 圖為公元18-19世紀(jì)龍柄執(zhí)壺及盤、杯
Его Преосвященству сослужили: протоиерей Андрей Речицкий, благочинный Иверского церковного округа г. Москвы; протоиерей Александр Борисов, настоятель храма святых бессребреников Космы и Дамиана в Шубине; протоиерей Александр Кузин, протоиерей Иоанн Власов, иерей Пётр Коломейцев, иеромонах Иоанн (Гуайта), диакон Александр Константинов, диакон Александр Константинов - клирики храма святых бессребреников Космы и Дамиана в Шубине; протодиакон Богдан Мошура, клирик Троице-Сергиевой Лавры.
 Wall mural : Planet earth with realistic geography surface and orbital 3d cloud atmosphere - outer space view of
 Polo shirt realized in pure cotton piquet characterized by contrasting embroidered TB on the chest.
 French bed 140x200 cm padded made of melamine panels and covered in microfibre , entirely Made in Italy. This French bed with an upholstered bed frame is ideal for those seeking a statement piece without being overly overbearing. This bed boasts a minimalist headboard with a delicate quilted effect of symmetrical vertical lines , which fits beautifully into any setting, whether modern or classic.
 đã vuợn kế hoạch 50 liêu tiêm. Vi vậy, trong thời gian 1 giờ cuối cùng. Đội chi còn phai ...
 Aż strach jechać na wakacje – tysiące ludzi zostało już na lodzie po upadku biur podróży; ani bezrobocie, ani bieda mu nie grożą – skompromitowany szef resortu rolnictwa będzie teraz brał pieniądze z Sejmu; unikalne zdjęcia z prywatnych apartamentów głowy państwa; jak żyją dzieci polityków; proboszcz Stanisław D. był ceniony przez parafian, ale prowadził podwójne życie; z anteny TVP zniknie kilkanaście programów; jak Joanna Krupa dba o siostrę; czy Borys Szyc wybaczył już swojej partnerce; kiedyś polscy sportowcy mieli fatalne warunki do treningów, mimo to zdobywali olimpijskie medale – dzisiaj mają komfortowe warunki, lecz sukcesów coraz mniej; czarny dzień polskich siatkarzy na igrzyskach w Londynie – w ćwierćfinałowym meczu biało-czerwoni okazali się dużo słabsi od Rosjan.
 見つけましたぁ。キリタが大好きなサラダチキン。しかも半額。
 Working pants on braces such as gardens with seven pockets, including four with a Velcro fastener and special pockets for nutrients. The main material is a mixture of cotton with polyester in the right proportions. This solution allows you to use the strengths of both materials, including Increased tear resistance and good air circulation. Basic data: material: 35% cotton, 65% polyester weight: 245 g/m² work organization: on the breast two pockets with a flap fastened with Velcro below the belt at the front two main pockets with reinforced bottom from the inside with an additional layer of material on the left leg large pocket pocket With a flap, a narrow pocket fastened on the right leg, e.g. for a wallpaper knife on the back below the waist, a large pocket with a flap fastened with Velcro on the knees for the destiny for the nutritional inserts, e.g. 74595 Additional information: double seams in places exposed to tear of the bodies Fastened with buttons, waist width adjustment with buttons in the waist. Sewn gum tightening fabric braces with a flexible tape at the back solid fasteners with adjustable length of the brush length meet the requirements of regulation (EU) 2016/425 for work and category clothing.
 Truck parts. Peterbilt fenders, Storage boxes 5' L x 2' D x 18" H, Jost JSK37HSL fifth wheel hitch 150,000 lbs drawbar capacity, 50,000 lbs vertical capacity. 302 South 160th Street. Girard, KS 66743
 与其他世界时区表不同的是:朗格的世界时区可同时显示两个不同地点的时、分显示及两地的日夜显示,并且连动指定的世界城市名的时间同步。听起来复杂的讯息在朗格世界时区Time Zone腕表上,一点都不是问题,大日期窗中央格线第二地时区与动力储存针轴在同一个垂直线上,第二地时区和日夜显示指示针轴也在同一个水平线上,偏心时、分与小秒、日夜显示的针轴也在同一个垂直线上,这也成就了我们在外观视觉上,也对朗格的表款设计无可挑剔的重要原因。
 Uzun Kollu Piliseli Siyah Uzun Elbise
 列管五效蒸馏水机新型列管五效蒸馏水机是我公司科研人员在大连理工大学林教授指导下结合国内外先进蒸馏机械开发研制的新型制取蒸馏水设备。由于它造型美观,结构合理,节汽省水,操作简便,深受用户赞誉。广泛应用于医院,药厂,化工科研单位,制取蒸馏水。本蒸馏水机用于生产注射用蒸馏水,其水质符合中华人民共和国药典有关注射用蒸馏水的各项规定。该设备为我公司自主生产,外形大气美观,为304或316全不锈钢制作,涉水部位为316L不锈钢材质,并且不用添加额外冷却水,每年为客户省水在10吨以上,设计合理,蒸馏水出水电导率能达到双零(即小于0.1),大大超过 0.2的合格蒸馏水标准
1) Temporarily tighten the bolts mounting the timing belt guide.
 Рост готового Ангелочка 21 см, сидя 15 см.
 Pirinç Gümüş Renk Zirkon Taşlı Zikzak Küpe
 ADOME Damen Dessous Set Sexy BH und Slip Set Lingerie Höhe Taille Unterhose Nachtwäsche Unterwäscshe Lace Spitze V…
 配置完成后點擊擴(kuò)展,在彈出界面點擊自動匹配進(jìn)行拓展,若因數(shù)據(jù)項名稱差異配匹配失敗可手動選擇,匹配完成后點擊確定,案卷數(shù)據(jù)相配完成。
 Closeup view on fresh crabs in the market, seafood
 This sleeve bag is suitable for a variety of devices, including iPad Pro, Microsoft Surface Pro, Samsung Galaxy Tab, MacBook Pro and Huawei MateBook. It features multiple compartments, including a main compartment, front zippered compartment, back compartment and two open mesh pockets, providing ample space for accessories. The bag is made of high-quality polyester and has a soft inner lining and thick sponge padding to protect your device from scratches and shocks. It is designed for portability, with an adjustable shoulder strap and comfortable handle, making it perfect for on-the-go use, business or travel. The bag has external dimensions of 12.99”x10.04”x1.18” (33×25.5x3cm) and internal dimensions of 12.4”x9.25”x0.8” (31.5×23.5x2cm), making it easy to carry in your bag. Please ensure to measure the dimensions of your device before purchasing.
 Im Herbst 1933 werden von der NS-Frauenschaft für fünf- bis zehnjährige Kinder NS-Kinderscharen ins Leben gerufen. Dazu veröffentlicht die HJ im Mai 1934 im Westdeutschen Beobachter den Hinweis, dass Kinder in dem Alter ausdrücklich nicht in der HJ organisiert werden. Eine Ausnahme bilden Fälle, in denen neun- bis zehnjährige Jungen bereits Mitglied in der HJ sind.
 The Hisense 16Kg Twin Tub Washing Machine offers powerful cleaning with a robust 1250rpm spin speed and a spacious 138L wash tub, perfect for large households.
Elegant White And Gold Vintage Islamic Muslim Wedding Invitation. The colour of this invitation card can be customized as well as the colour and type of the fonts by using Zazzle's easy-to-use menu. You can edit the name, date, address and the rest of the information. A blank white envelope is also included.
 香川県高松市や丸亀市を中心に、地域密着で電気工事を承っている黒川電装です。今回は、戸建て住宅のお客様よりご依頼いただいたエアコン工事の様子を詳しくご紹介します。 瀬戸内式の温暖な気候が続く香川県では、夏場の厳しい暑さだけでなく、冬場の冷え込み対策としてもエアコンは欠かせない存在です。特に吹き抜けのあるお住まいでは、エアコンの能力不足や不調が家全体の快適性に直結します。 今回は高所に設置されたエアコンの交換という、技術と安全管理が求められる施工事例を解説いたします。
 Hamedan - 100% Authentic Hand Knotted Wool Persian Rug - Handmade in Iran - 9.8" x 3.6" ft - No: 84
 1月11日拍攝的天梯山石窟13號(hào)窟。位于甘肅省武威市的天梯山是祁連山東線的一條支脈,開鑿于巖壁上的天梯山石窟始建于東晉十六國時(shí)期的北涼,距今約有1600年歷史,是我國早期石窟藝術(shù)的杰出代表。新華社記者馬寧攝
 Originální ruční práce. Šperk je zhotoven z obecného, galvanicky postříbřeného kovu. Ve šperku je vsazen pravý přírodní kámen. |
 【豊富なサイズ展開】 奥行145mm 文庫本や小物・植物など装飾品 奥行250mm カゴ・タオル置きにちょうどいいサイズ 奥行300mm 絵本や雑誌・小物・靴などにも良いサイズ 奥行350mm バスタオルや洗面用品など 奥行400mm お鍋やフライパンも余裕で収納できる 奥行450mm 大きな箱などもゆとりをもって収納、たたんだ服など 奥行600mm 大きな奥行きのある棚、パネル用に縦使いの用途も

.....

WHAT THE TASK REQUIRES: All lines above from the line with "Рост готового Ангелочка 21 см, сидя 15 см." through the line with "Closeup view on", both included, are to be set down exactly, with nothing else.

EXERCISE SOLUTION:
 Рост готового Ангелочка 21 см, сидя 15 см.
 Pirinç Gümüş Renk Zirkon Taşlı Zikzak Küpe
 ADOME Damen Dessous Set Sexy BH und Slip Set Lingerie Höhe Taille Unterhose Nachtwäsche Unterwäscshe Lace Spitze V…
 配置完成后點擊擴(kuò)展,在彈出界面點擊自動匹配進(jìn)行拓展,若因數(shù)據(jù)項名稱差異配匹配失敗可手動選擇,匹配完成后點擊確定,案卷數(shù)據(jù)相配完成。
 Closeup view on fresh crabs in the market, seafood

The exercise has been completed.